# CS 1656 – Introduction to Data Science 

## Instructors: Alexandros Labrinidis, XIowei Jia
## Teaching Assistants: Evangelos Karageorgos, Xiaoting Li, Zi Han Ding
## Recitation 10: (Optional) - Information Retrieval

In this lab, you will use sklearn's tfidf function to retrieve the most important word across a vast amount of text. You will then implement your own tf-idf and compare the results.

In [2]:
import pandas as pd
import os
import numpy as np
from sklearn.feature_extraction.text import CountVectorizer, TfidfTransformer, TfidfVectorizer

For the example, we will create an arbitrary list of documents to find tf-idf values.

In [3]:
#Generate a corpus of documents
corpus = [
    'This is the first document.',
    'This document is the second document.',
    'And this is the third one.',
    'Is this the first document?',
]

Next, we will try and use a CountVecorizer object from scikit-learn to analyze the text, produce the term (word) vocabulary, and calculate the term frequencies per document.

In [4]:
# CountVectorizer - analyzes the text, produces term vocabulary and frequencies
count_vectorizer = CountVectorizer()

# analyze the corpus to produce the vocabulary and the number of word occurances per document
TF_matrix = count_vectorizer.fit_transform(corpus)

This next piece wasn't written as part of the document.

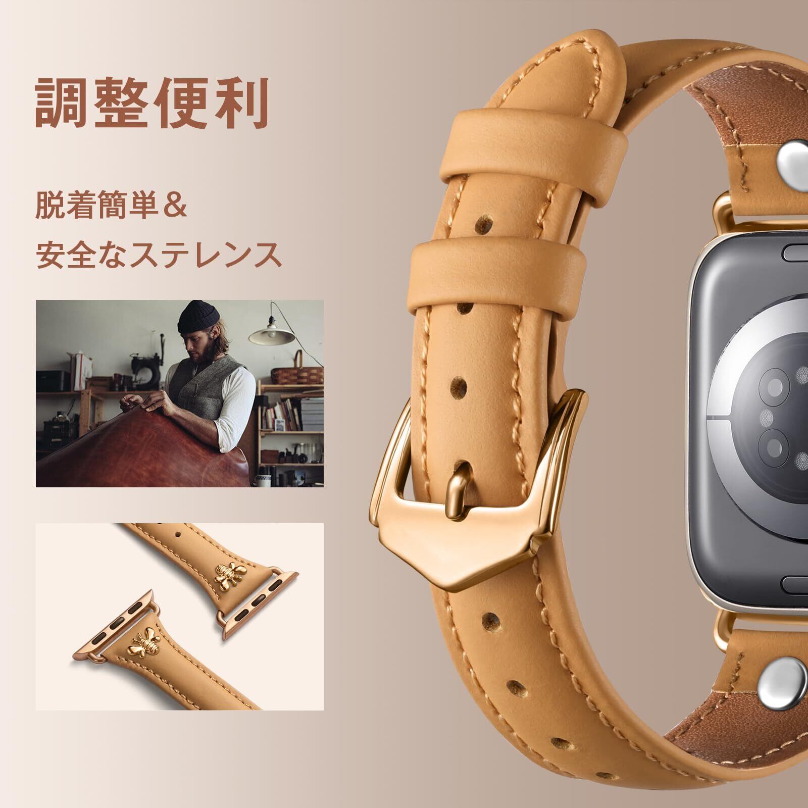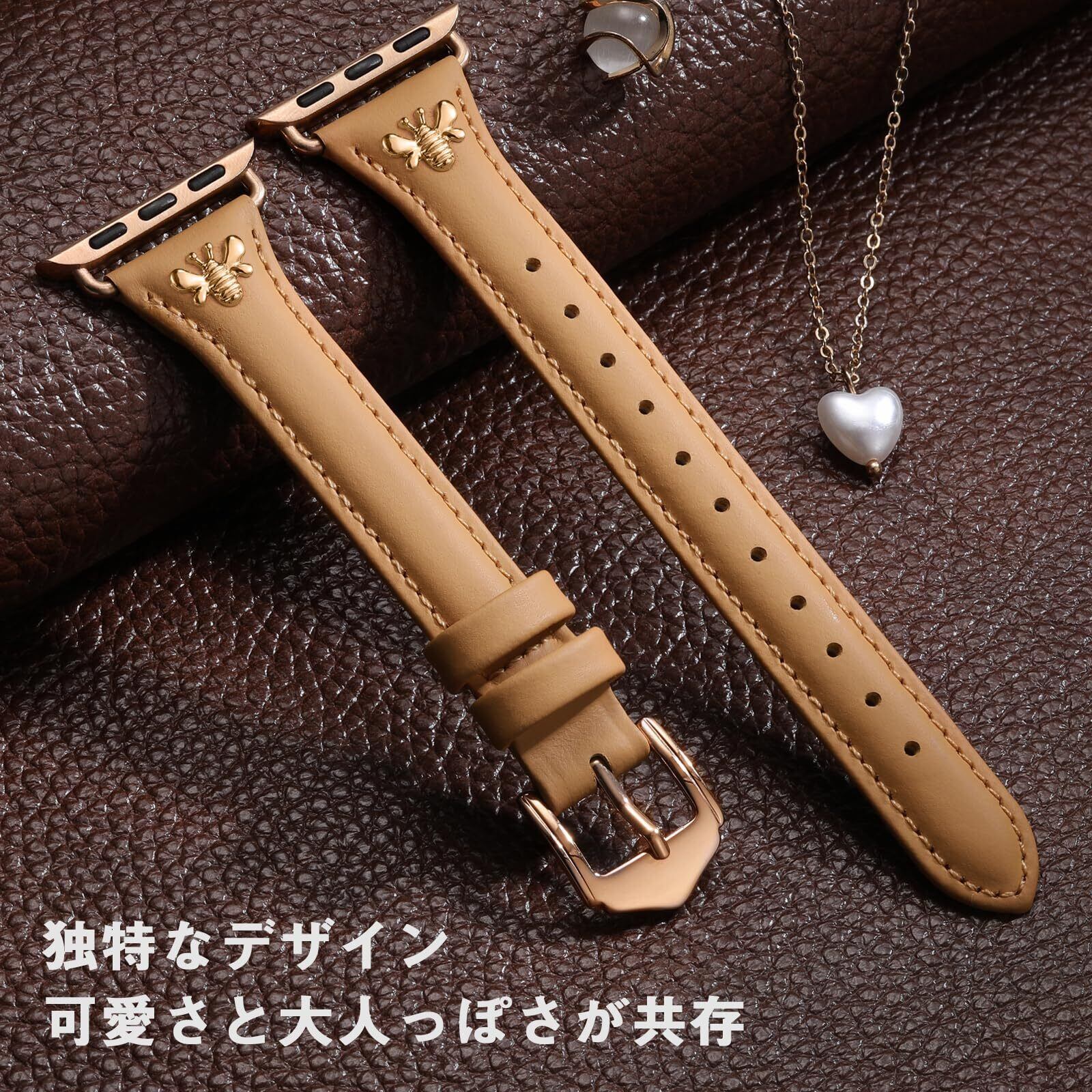 [Maledan] アップルウォッチ用 バンド レディース 本革 細身 ビー飾り付き 可愛い 洗練 レザー 交換ベルト38mm 40mm 41mm 42mm 44mm 45mm 46mm Series 10/9/8/7/6/5/4/3/2/1/SEに対応 柔らかい 女性向け ビジネス カジュアル

# print the terms (word vocabulary)
print(count_vectorizer.get_feature_names_out())

# print the term frequencies
print(TF_matrix.toarray())

# Convert the frequencies matrix to a DataFrame for better readability
TF_df = pd.DataFrame(TF_matrix.toarray(), columns=count_vectorizer.get_feature_names_out())

# Display the DataFrame
TF_df

['and' 'document' 'first' 'is' 'one' 'second' 'the' 'third' 'this']
[[0 1 1 1 0 0 1 0 1]
 [0 2 0 1 0 1 1 0 1]
 [1 0 0 1 1 0 1 1 1]
 [0 1 1 1 0 0 1 0 1]]


Unnamed: 0,and,document,first,is,one,second,the,third,this
0,0,1,1,1,0,0,1,0,1
1,0,2,0,1,0,1,1,0,1
2,1,0,0,1,1,0,1,1,1
3,0,1,1,1,0,0,1,0,1


Next, we will use a transformer object that calculates TF-IDF values based on term frequencies

In [5]:
# TfidfTransformer - transforms term frequency values to tf-idf values
TF_IDF_transformer = TfidfTransformer()
TF_IDF_matrix = TF_IDF_transformer.fit_transform(TF_matrix)

# Convert to DataFrame (note that we get the features names from the count vectorizer)
TF_IDF_df = pd.DataFrame(TF_IDF_matrix.toarray(), columns=count_vectorizer.get_feature_names_out())
TF_IDF_df

Unnamed: 0,and,document,first,is,one,second,the,third,this
0,0.0,0.469791,0.580286,0.384085,0.0,0.0,0.384085,0.0,0.384085
1,0.0,0.687624,0.0,0.281089,0.0,0.538648,0.281089,0.0,0.281089
2,0.511849,0.0,0.0,0.267104,0.511849,0.0,0.267104,0.511849,0.267104
3,0.0,0.469791,0.580286,0.384085,0.0,0.0,0.384085,0.0,0.384085


Finally, we will use a scikit-learn object that combines analyzing the corpus and calculating of term frequencies and tf-idf values in a single operation.

In [6]:
# TfidfVectorizer - calculates TF-IDF values from the corpus in a single step
TF_IDF_vectorizer = TfidfVectorizer()

# Analyze the corpus and produce the tf-idf values
TF_IDF_matrix = TF_IDF_vectorizer.fit_transform(corpus)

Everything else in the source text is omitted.